WHAT IS EXPECTED ->
Starting with the line containing "Réalisé à partir" and going on through the line containing "Low energy or", return the lines of the data below exactly, and only those.

STORED DATA ->
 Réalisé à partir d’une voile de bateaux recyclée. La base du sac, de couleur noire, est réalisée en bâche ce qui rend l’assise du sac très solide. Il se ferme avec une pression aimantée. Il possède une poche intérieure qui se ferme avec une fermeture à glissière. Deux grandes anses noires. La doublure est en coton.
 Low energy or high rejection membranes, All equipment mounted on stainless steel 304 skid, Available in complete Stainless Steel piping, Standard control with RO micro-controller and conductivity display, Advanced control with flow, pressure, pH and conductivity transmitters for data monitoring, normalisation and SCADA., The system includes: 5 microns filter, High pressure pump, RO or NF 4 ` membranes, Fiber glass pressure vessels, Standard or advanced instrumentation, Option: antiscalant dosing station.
---
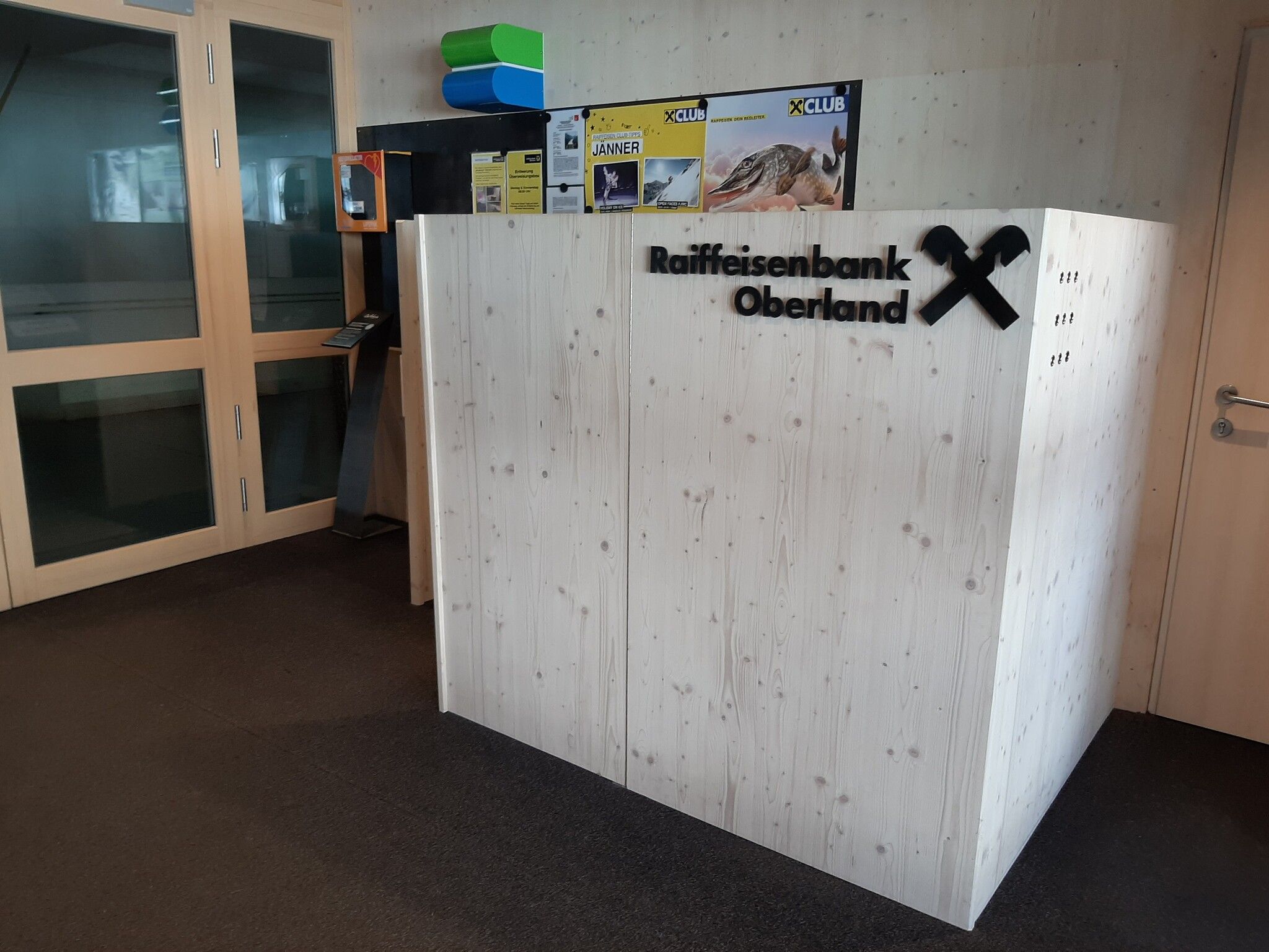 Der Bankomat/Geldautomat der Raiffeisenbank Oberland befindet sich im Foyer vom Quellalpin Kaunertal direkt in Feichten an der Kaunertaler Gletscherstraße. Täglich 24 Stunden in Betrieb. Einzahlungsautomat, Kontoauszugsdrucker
---
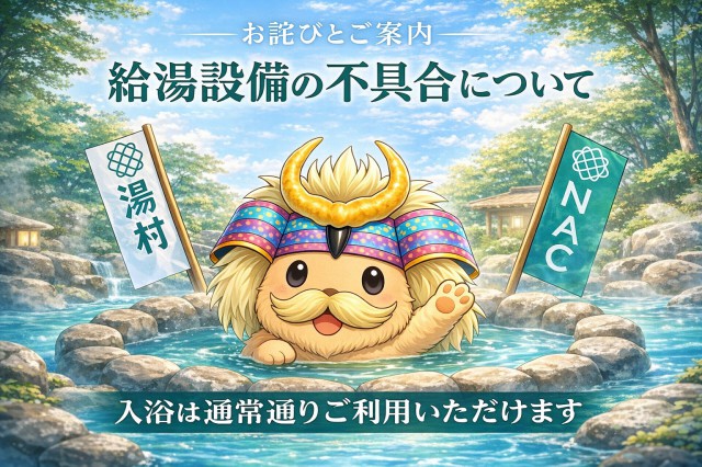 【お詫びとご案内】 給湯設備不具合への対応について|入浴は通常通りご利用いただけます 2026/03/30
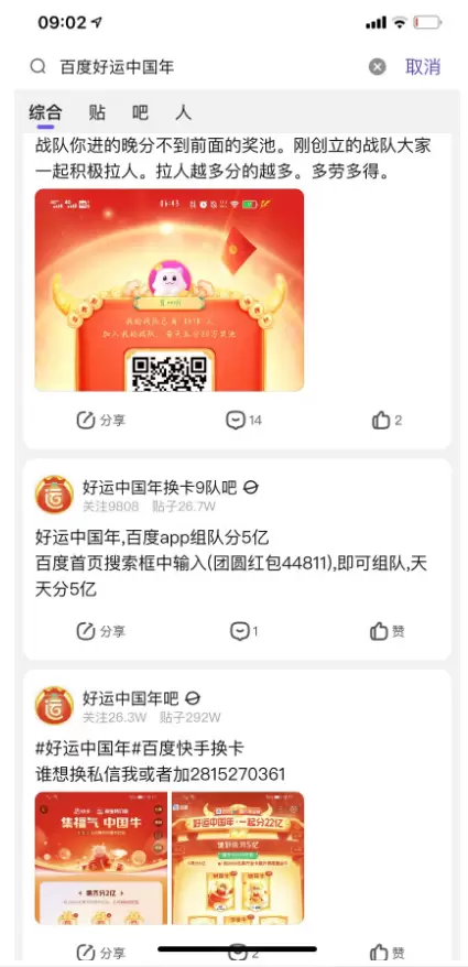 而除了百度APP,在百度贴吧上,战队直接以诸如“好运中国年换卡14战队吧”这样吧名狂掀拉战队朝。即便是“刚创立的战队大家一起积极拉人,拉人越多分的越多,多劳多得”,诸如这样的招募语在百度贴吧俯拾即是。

OUTPUT OF THE EXERCISE ->
 Réalisé à partir d’une voile de bateaux recyclée. La base du sac, de couleur noire, est réalisée en bâche ce qui rend l’assise du sac très solide. Il se ferme avec une pression aimantée. Il possède une poche intérieure qui se ferme avec une fermeture à glissière. Deux grandes anses noires. La doublure est en coton.
 Low energy or high rejection membranes, All equipment mounted on stainless steel 304 skid, Available in complete Stainless Steel piping, Standard control with RO micro-controller and conductivity display, Advanced control with flow, pressure, pH and conductivity transmitters for data monitoring, normalisation and SCADA., The system includes: 5 microns filter, High pressure pump, RO or NF 4 ` membranes, Fiber glass pressure vessels, Standard or advanced instrumentation, Option: antiscalant dosing station.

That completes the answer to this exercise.